Laura Jane Vincent opened the show on Monday at Test Pattern in Winston-Salem. And while the crowd was sparse, Vincent played and sang just as confidently as she would to a crowded room of raucous fans.
Usually taking the stage with her husband and drummer Dave Tippetts, it was only Vincent performing for the evening. The Moore County-based singer blends a mix of country and folk with a more contemporary style of ballads, powered by a ruggedly angelic voice reminiscent of Janis Joplin and Natalie Merchant, and could easily contest the talents of many popular singers. Though the promotion and crowd lacked for the incredible acts that are not Test Pattern’s usual forte, Vincent’s voice set a mellow, warm tone for the evening, almost hypnotic as she performed her songs.
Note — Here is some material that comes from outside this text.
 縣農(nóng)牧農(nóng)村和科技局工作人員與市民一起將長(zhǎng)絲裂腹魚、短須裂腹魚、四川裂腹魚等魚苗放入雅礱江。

Vincent’s set contained many tracks from her latest LP . . . for a sweetheart from the south, which was recorded at Echo Mountain Studios in Asheville, the famed studio whose past clientele include such acts as Widespread Panic, the Avett Brothers, Zac Brown Band and Dawes.
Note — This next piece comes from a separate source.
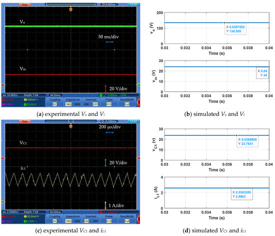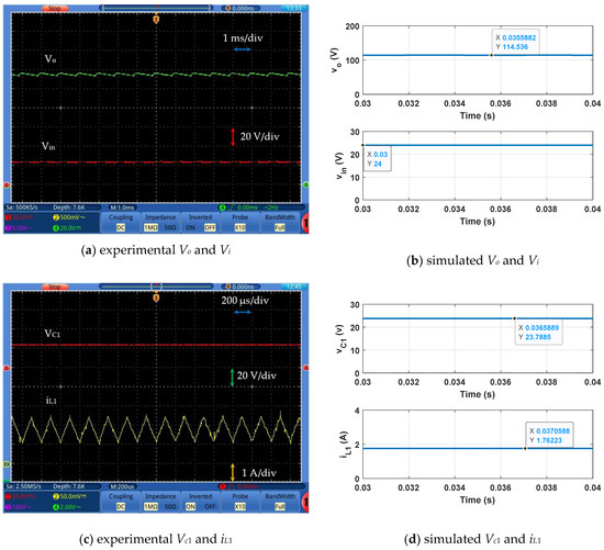 The proposed single-switch two-cell boost DC-DC converter is first examined in the open-loop operation. Figure 10 and Figure 11 show the comparison between the experimental and simulated SSAM open-loop performance of the proposed single-switch two-cell boost DC-DC converter at duty cycles D = 0.5 and D = 0.6, respectively. The simulation results are obtained using Matlab R2023b software. The steady-state average values of the variables (Vo, VC1, iL1, VC2, and iL2) of the SSAM of the suggested topology are compared to the corresponding experimental switching waveforms captured from the actual laboratory setup at steady state at the same input voltage Vin = 24 V. As shown in Figure 10, the SSAM simulation gives a theoretical average output voltage (Vo) of 114.54 V, while the output voltage of the experimental converter oscillates between 113 V and 117 V due to switching (experimental average of (113 + 117)/2 = 115 V). Therefore, the theoretical average (114.54 V) and the experimental average (115 V) of the output voltage are very close, which proves the SSAM validation. Also, the inductor currents (iL1 and iL2) are similar in experimental and simulation tests. The steady-state value of the simulated inductor current-based SSAM of the converter has a value of 1.76 A, while the steady-state experimental inductor current (iL1 or iL2) oscillates between 1.1 A and 2.6 A (experimental average of (1.1 + 2.6)/2 = 1.85 A). Moreover, the capacitors’ voltages (vC1 and vC2) are similar in experimental and simulation tests.

Headlining the show for the night was singer-songwriter Joshua Tell. As the audience expanded only slightly, Tell and bandmates Jamie Velasco on lead guitar and stand-up bassist Pierce Black spread across the stage, settling in to a cool and smooth set.
Originally from Missouri, Tell now resides in Cologne, Germany, performing with his trio across Europe and the United States. The group is currently setting out on a US tour to promote its first record, a self-titled EP, which they released earlier this month.
Tell’s voice drifted above intricate finger-picked melodies in a style that pays homage to Phil Ochs and Mason Jennings, while containing the traditional narrative and story-telling paradigm of Appalachian and Ozark-based folk songs. The trio held a cool façade on stage, adorned in 1950s-style fedoras and worn leather boots as they played under the dim stage lights. Tell blended slow, mesmerizing ballads with upbeat tunes that even the meager crowd couldn’t help but to tap their feet to.
Test Pattern marked Tell’s second US show on his tour, which will cover 14 shows and eight states in just two weeks.
While the musicians for the evening were deserving of a greater audience and better promotion, the artists gave a solid and classy show. With swinging melodies and whiskey-smooth vocals, Joshua Tell is a hopeful talent in a waning tradition of contemporary folk storytellers, one that might just give the genre a much needed revival. And even with lean attendance and a club whose main attractions usually revolve around punk rock and metal shows, Vincent and Tell mark an honorable step for Test Pattern, giving a home to musicians who might otherwise not have a stage to perform.